Painting by Vincent van Gogh

The Dutch Post-Impressionist painter Vincent van Gogh painted a self-portrait in oil on canvas in September 1889. The work, which may have been his last self-portrait, was painted shortly before he left Saint-Rémy-de-Provence in southern France. It is now in the collection of the Musée d'Orsay in Paris.
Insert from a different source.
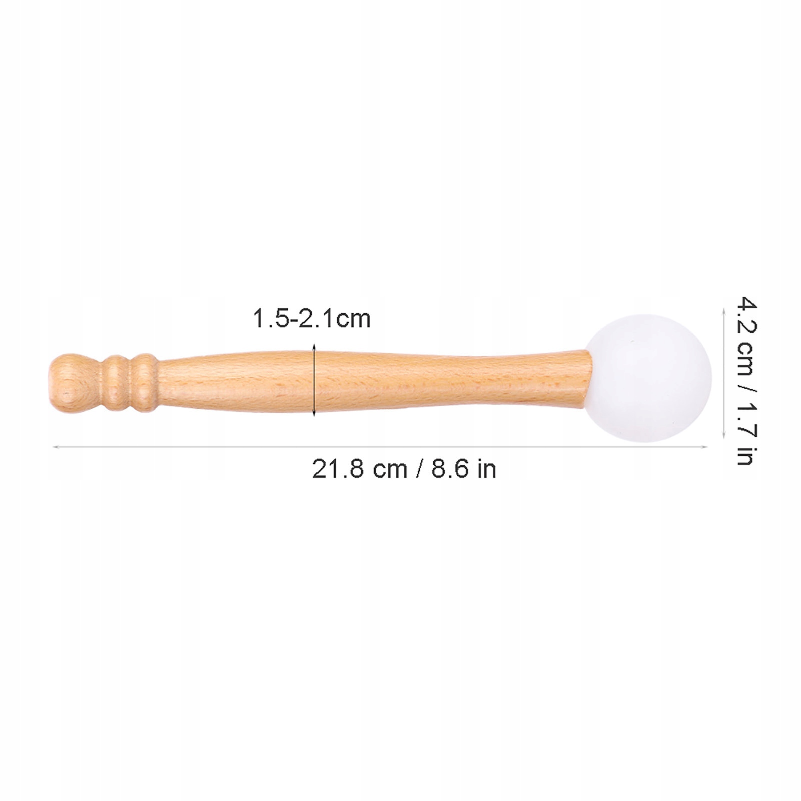 Розмір киянки: прибл. 21,8 см / 8,6 дюйма (загальна довжина), 4,2 см / 1,7 дюйма (діаметр головки), 1,5-2,1 см / 0,6-0,8 дюйма (діаметр ручки)

This self-portrait was one of about 32 produced by van Gogh over a 10-year period, and these were an important part of his work as a painter; he painted himself because he often lacked the money to pay for models. He took the painting with him to Auvers-sur-Oise, near Paris, where he showed it to Dr. Paul Gachet, who, according to Van Gogh, was "absolutely fanatical" about it.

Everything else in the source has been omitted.